Try it |
Required from the data below: the exact lines starting at the line containing "- Utilize website" and ending at the line containing "图9:900MHz和1.9GHz时设置的三阶截点相对于衰减值", with both ends kept and all pictures dropped.
▬▬▬
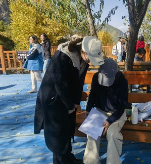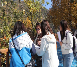 在前往大墩峡景区的大巴车上,同学们模拟导游讲解了积石山县的历史文化与地理环境、景区的旅游资源及产品特色等。到达景区后,老师们融入“绿水青山就是金山银山”理念,再次强调了实践教学的内容以及安全注意事宜,随后师生们便沿景区木质栈道开始爬山。途中,同学们不时驻足记录拍摄景区的地形地貌、植被与山林美景。在休憩点,大家围绕旅游资源保护与游憩开发的平衡点、 旅游产品开发的生态化创新路径、旅游承载力约束下的开发策略、构建“文化+功能”导向的标识系统等方面展开热烈讨论。为更好地了解游客对大墩峡景区的感受,学生们对景区内游客进行了访谈和问卷调查,就景区的观赏价值、景观特色、文化内涵与交通便利性、指示牌完善度、休息设施、安全措施及环境卫生等方面进行了深入交流。
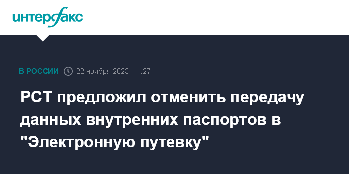 РСТ предложил отменить передачу данных внутренних паспортов в "Электронную путевку"
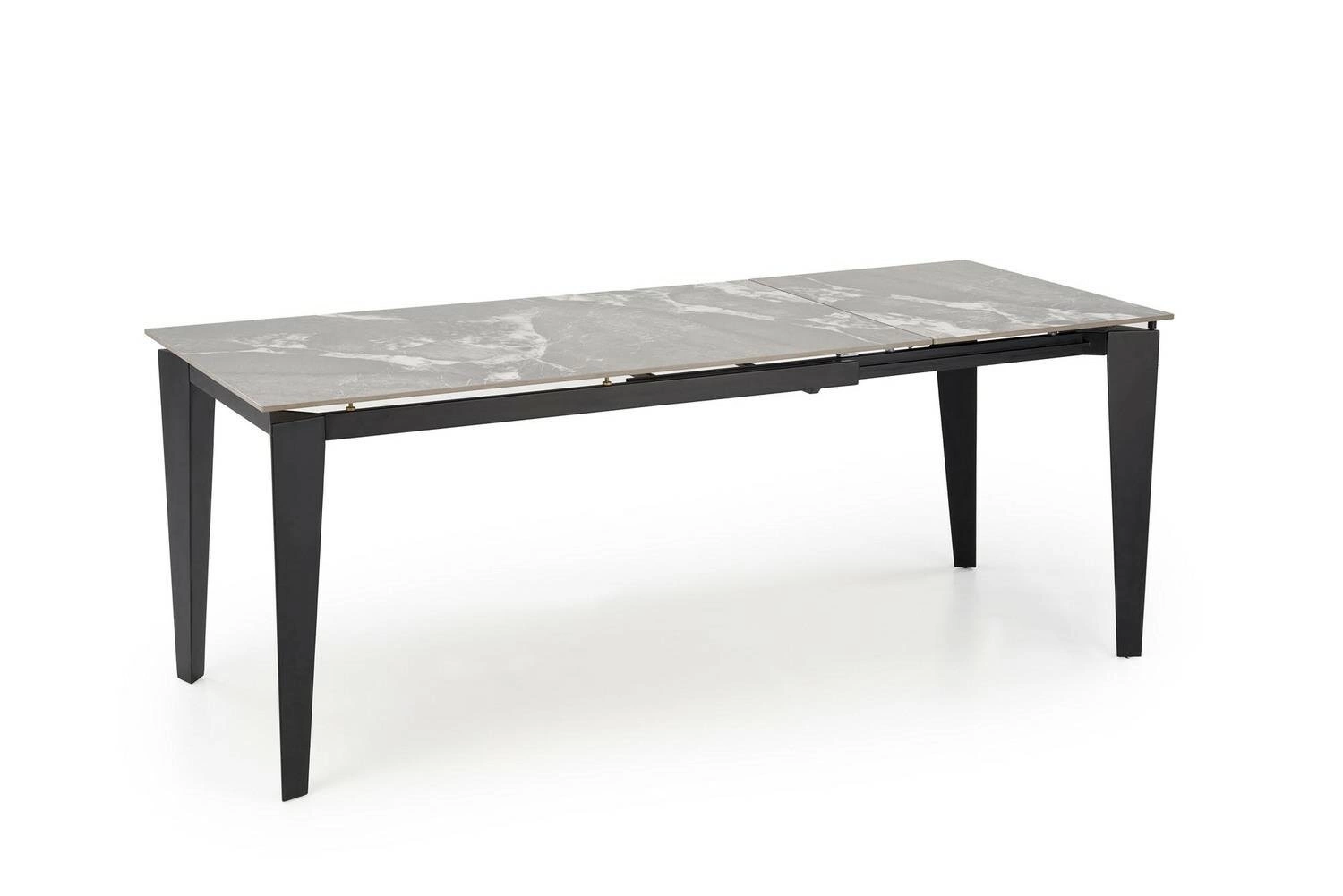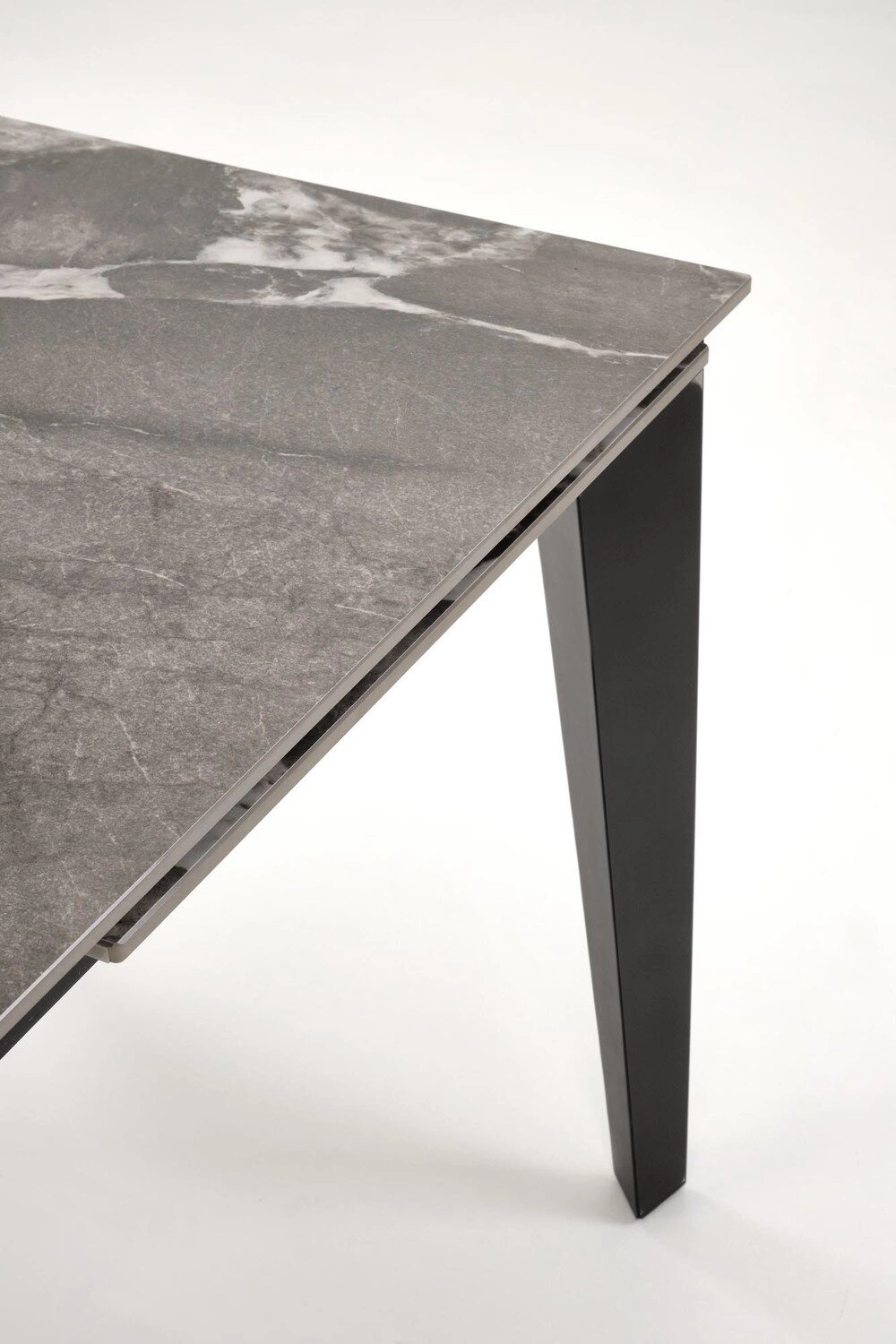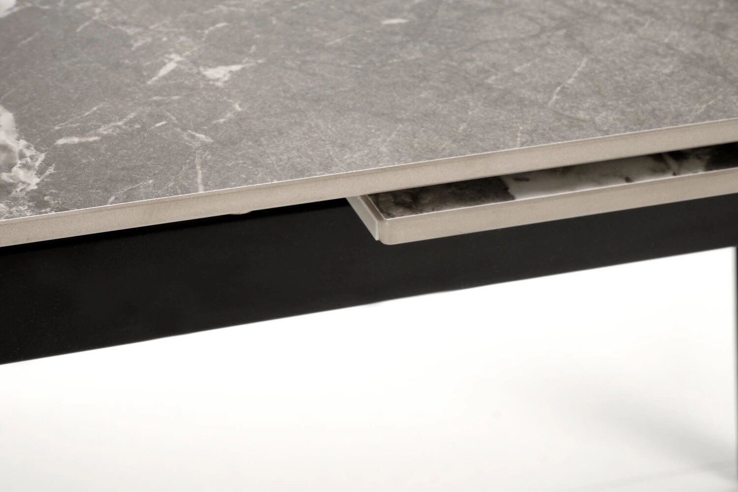 Stół rozkładany Asniki to doskonały wybór dla miłośników nowoczesnego designu połączonego z funkcjonalnością. Jego elegancki wygląd przyciąga wzrok, a solidna konstrukcja zapewnia stabilność i wytrzymałość na lata. Cztery czarne, stalowe nogi nadają mu wyjątkowego charakteru, harmonijnie komponując się z popielatym, marmurowym blatem. Blat ze spieku, imitujący wzorzysty popielaty marmur, dodaje stołu prestiżu i luksusu, dzięki czemu staje się on centralnym punktem każdego wnętrza.
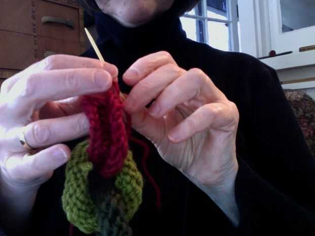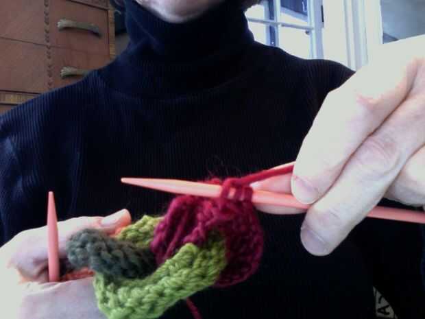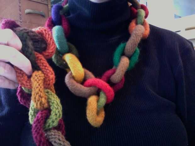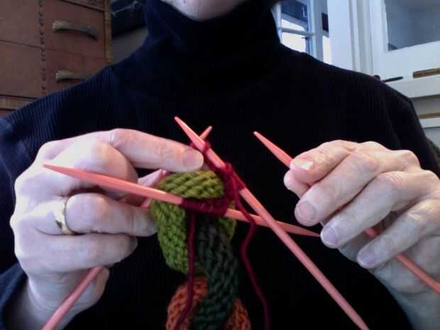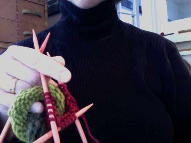 Este es un proyecto fácil, bien para un tejedor de principio que ha hecho punto en la ronda con doble agujas puntiagudas. La única parte delicada es asegurarse de que añade "links" como vas, deslizándolos y moverlos sobre las agujas como vas.
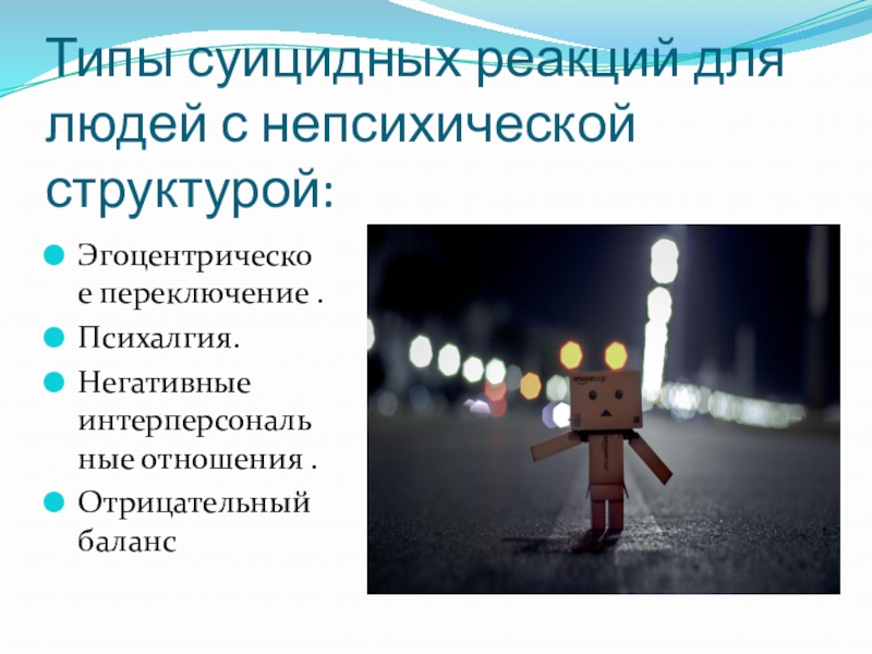 Слайд 7 Типы суицидных реакций для людей с непсихической структурой:
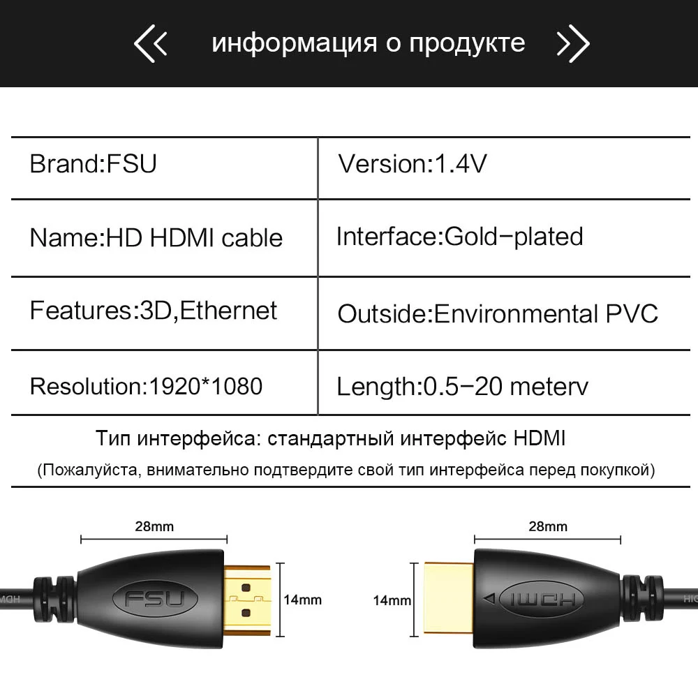 Товар полностью соответствует описанию. Кабель чуть тоньше, чем обычно, как и указано в характеристиках, но на качество это не влияет. Кабель работает, видео передаёт, звук передаёт. Заказывал 8 метров, длина соответствует. Доставка курьером заняла ровно неделю до Сочи. Продавца рекомендую.
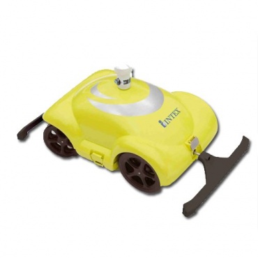 Der gelbe Roboter für die Reinigung des Pools der Marke Intex läuft ganz alleine. Ist er einmal in das Schwimmbad gelassen, startet er mit der Reinigung. So läuft die Poolreinigung des Schwimmbads beinahe voll automatisch ab. Der Schlauch wird an den Wasserauslaß des Pools von innen angeschloßen.
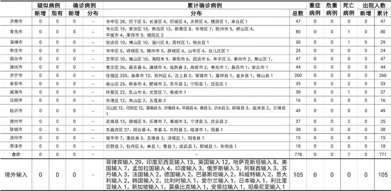 备注:1.山东省本地病例按确诊时医院所在县区统计,境外输入病例单独统计。
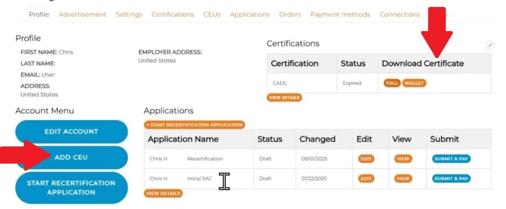 - Utilize website tools! Once you create an account, within your portal you can download your certification certificate AND upload CEUs. This way as you walk out of a training, you can take a picture of your certificate, upload it, and then it’s done. The date and hours will be recorded for your re-certification records! You can check a certification expiration date under “Certification, Verify a Credential.”
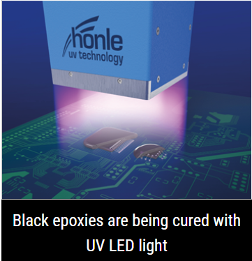 The black color in a conventional UV adhesive absorbs a high percentage of the UV curing energy. This means that the UV light energy required to fully polymerize an adhesive only penetrates a few micrometers. This phenomenon leads to the formation of a superficial “skin”, while the adhesive underneath remains uncured. The new black Vitralit BL UC adhesives from Panacol can be cured to greater than 1mm in thickness, purely with UV LED light. UV LED curing systems from Dr. Hönle are perfectly matched to the absorption wavelengths of the Black&Light technology, ensuring optimal curing of the black adhesives.
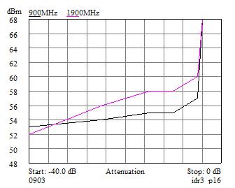 图9:900MHz和1.9GHz时设置的三阶截点相对于衰减值
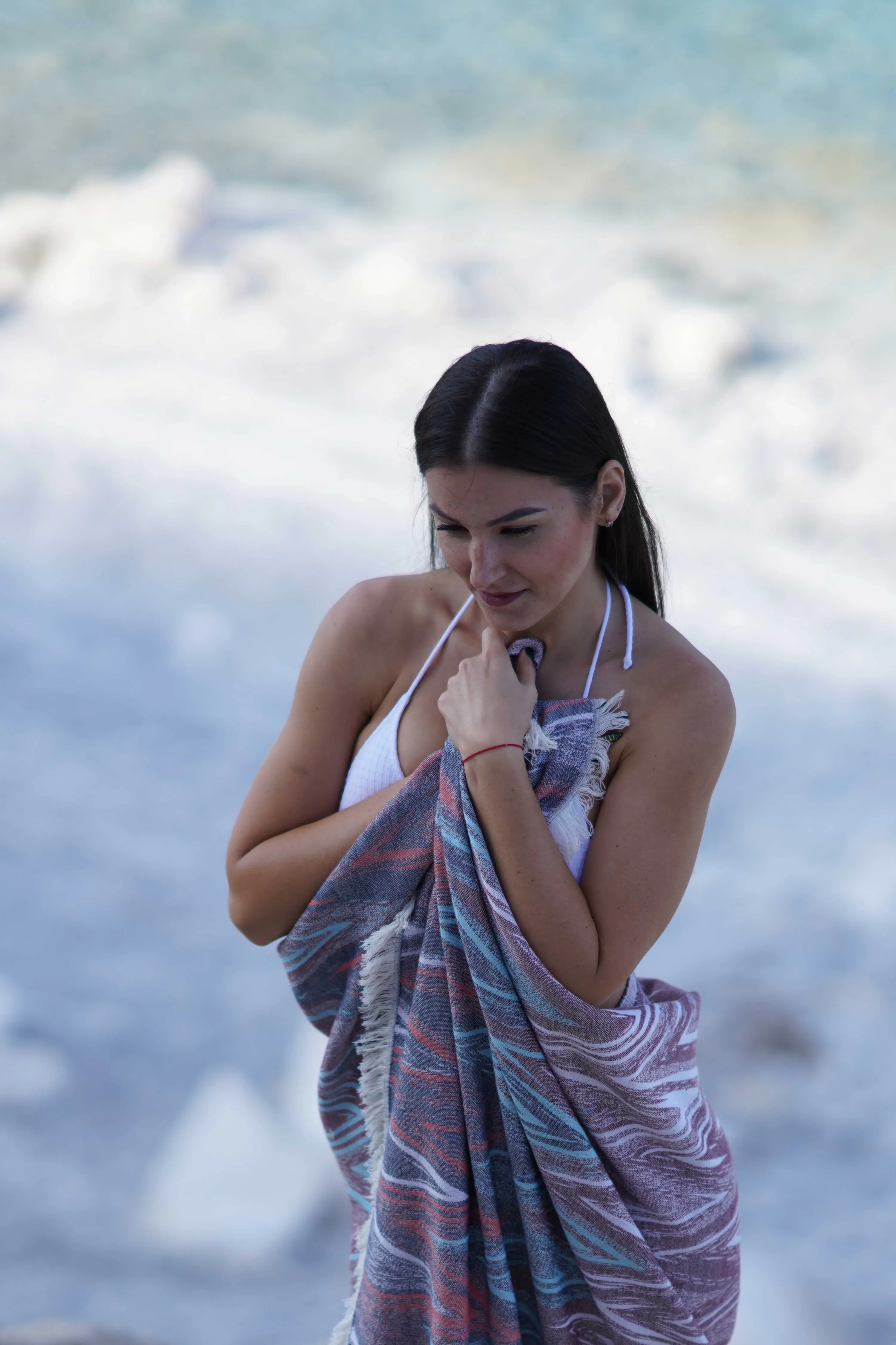 All Chaputs peshtemals signature design elements to striking with colors that will captivate.Designed and and produced in Turkey. All Chaputs peshtemals  are made by Organic cotton and have Oekotex-100 certificated.Material : 100% Turkish CottonSize : 90 x 175 cm / 35,43 x 68,89 inchWeight : 445 gr / 0,98 ibs
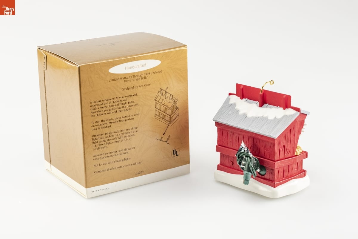 Handcrafted / Limited Warranty Through 1999 Enclosed / Plays "Jingle Bells" / Sculpted by Ken Crow / A unique ornament! At your command, / a talented trio of chickens will / cluck a merry chorus of "Jingle Bells." / And when you gently tap the ornament, / the chickens will nod their heads! / To start the music, press button located / on ornament. Music will stop when tune is finished. / Ornament plugs easily into any of the / light bulb sockets on a miniature tree / light string. Use only with standard / U.L.- listed light strings of 3.5- or / 6- volt bulbs. / Attached connector cord allows for / easy placement on your tree. / Not for use with blinking lights. / Complete display instructions enclosed.
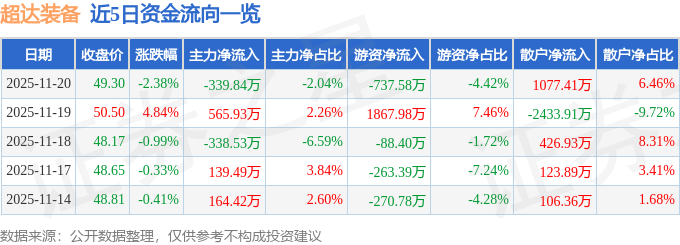 证券之星消息,截至2025年11月20日收盘,超达装备(301186)报收于49.3元,下跌2.38%,换手率4.45%,成交量3.36万手,成交额1.67亿元。
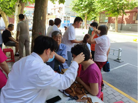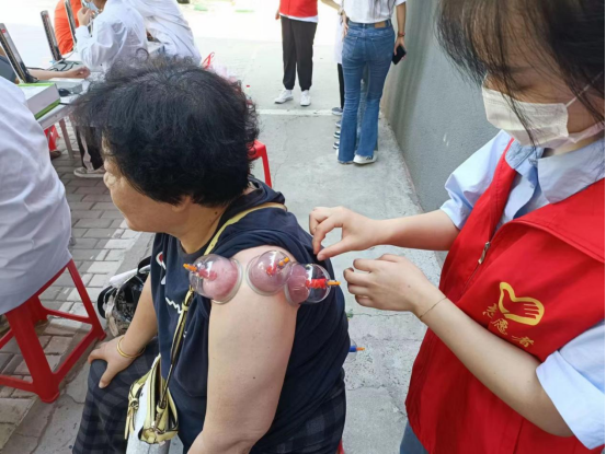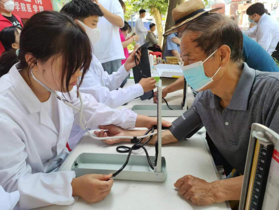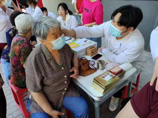 活动现场,医学院志愿者同学与前来咨询的老人进行面对面的交流,耐心解答问题,并且提供测血压、推拿按摩、艾灸、健康咨询等服务。志愿者们还为前来体检的老人发放健康宣传资料,给予健康饮食等方面的建议。
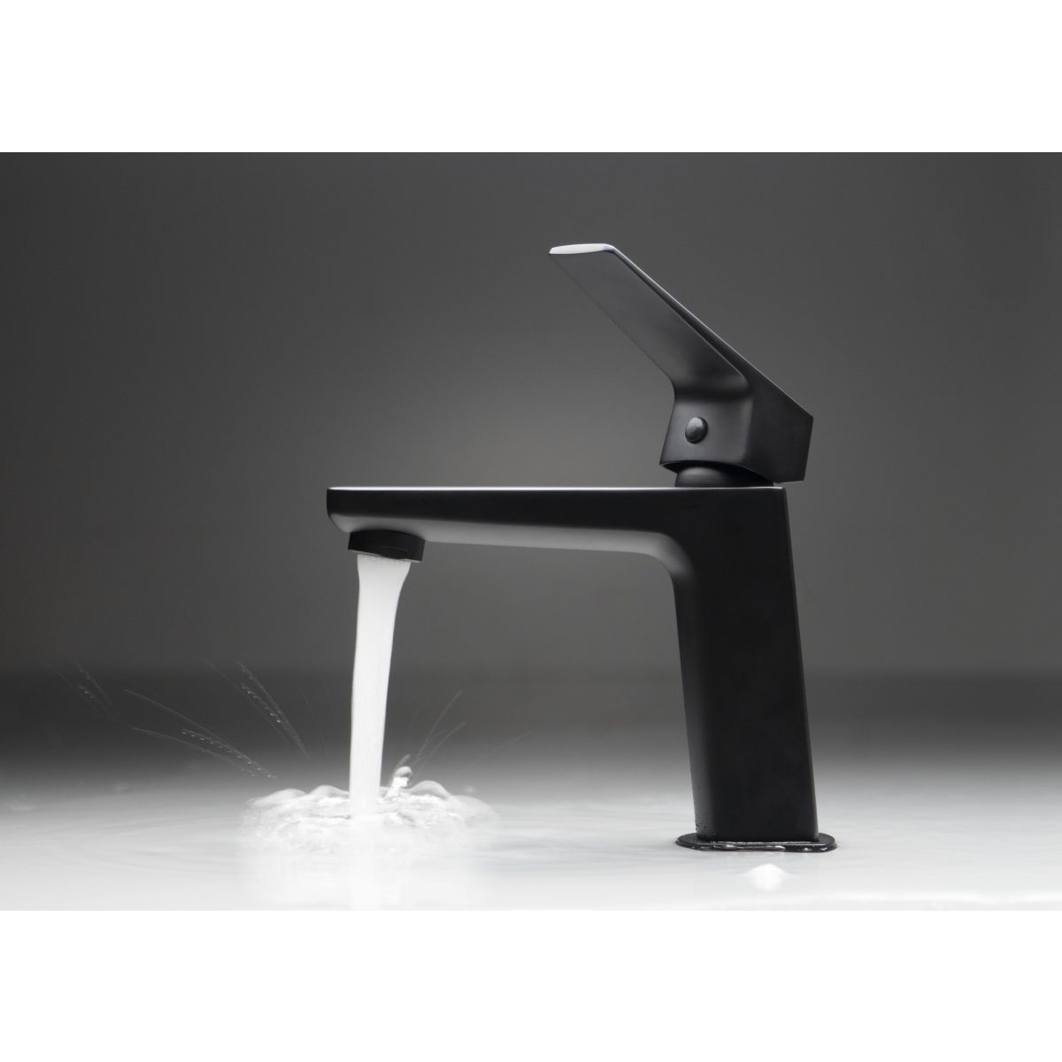 El mezclador de lavabo Blur está fabricado en latón duradero, lo que garantiza su longevidad y resistencia a la corrosión. El aireador integrado garantiza un caudal de agua eficiente, al tiempo que reduce el consumo de agua. El kit incluye mangueras de conexión y un manguito de montaje, para que la instalación sea sencilla y sin complicaciones. El acabado negro mate del grifo añade un toque moderno,
▬▬▬
Solution to this task |
 - Utilize website tools! Once you create an account, within your portal you can download your certification certificate AND upload CEUs. This way as you walk out of a training, you can take a picture of your certificate, upload it, and then it’s done. The date and hours will be recorded for your re-certification records! You can check a certification expiration date under “Certification, Verify a Credential.”
 The black color in a conventional UV adhesive absorbs a high percentage of the UV curing energy. This means that the UV light energy required to fully polymerize an adhesive only penetrates a few micrometers. This phenomenon leads to the formation of a superficial “skin”, while the adhesive underneath remains uncured. The new black Vitralit BL UC adhesives from Panacol can be cured to greater than 1mm in thickness, purely with UV LED light. UV LED curing systems from Dr. Hönle are perfectly matched to the absorption wavelengths of the Black&Light technology, ensuring optimal curing of the black adhesives.
 图9:900MHz和1.9GHz时设置的三阶截点相对于衰减值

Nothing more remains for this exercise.